“Get at ’im, Darby,” yelled Whip, and as the brute struggled to its feet Darby “got at ’im,” and the stockwhip fell hissing and stinging till the brute scrambled up and, tail in air, bolted headlong down the slope. But the rest of the cluster had scattered, and Steve put spurs to horse and raced up and along the hillside, the loose stones sliding and trundling down the hill from his track like sparks from a rocket.
“Did ye see that poker?” shouted Darby, as they swept the herd together and headed them down the hill. “Did ye see ’im, Steve?” “No,” said Steve, innocently. “What was he doing?” “Doin’—the brute,” spluttered Darby, wrathfully. “’E nearly poked my ’orses’ ribs in, and ’e’s tore a hole in my trousies from yonder to yesterday. I’ll ’poke’ ’im,” and he spurred closer and snicked viciously at the discomfited “poker.”
“Take a couple o’ men an’ try along the Whale-back, Steve,” said Scottie later, and Steve called to Jack Ever and Whip Thompson and cantered off.
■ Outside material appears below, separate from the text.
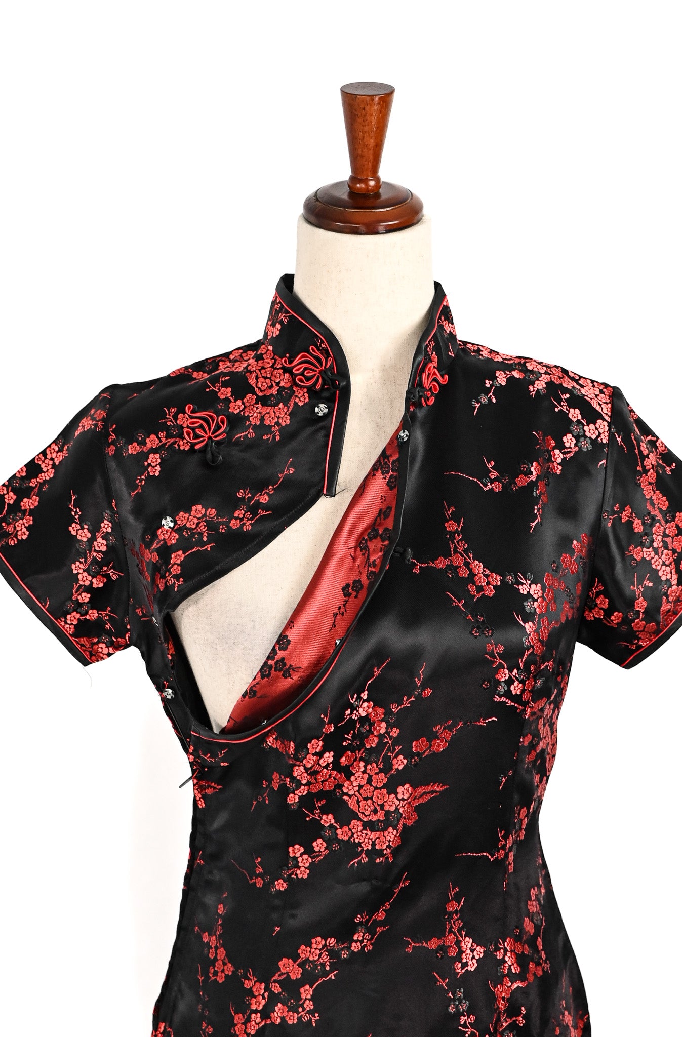Black & Red Floral Cheongsam SI MEI JIN Qipao Chinese Dress - M

The Whale-back was a long hill shaped roughly, as its name described, covered with boulders and fallen logs, scored down its sides with dry water courses and, where the tail sank, thinly covered by scattered trees. It was rough and risky going, but the men took it end to end, riding as if it were level as a billiard table. When they came to where the head of the hill fell away in slopes and cliffs too steep for horse or bullock to keep a footing, they turned and began to beat back through the boulders and gullies, picking up a stray bullock here and a couple there, till they were driving thirty to forty of them back towards the slope of the “tail.” The mob went crashing down through the timber, and Jack and Whip drew rein and let them go.
But Steve yelled, and swung his whip, and lifted his horse over a fallen trunk, and went thundering in pursuit at a gallop. “What’s wrong wi’ Steve these days?” said Jack Ever. “You’d think ’e was tryin’ to break ’is blanky neck.” “Never was wot you’d call a cautious or a careful sort o’ rider, but blow me if ’e isn’t madder’n ever,” agreed Whip, dodging round a boulder and taking a deep gully in his stride.
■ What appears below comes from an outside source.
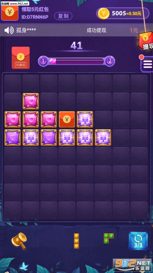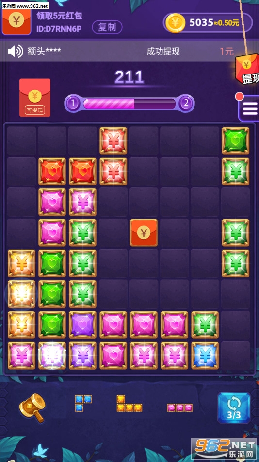 趣味的消除游戏,玩家需要找准方块摆放的位置,通过消除来赚取红包奖励,新人注册还有着新手红包领取,不仅可以玩游戏打发时间还可以赚钱,喜欢的朋友可以下载试试。
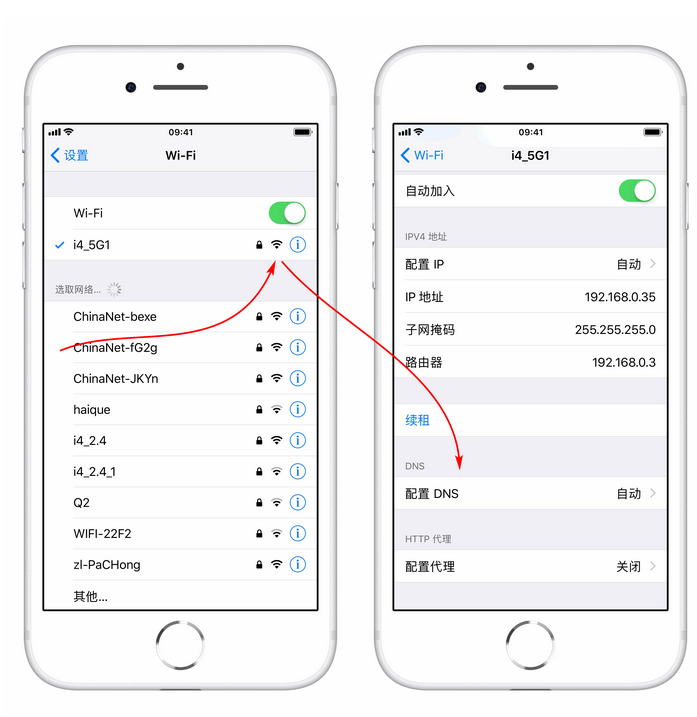 2.如果使用 WiFi 连接,在设置中打开“Wi-Fi”选项,点击已连接网络后的“i”按钮,手动配置 DNS 为“114.114.114.114”等可靠的地址。

“Look at that now,” ejaculated Whip, as the bullocks plunged into the timber, and Steve drove in hard on their heels.
The cattle were nimble on their feet and agile as deer, and they stormed crashing through the trees at full gallop. Steve rode with his head stooped to avoid the branches that swept over his head, and would have flung him headlong if one had caught him, and his horse leaped and twisted over the logs and between the rocks, in and out of steep-sided holes, and whirled inch-clear past standing trees, all at top speed.
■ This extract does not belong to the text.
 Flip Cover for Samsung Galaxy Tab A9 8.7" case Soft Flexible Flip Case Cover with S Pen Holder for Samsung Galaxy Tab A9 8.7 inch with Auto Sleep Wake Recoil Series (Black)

Cattle and horseman burst out of the trees, and as Whip and Jack cleared the timber well behind them, they were careering full tilt down the slope.
“See that,” said Whip, and “Clever work, but useless risky,” commented Jack, as he watched.
The cattle had reached the dip at the foot of the Whale-back’s tail, and when he saw that they were going to scatter and try to break up the steeper slope beyond instead of turning down the hillside to the valley, Steve touched the horse with the spur, surged past them, and wheeled them downhill. The cattle and he poured down together in an avalanche of stones and earth, and the long snarling roar of their slide came back to the two men above, mingled with the steady cracks of the stockwhip.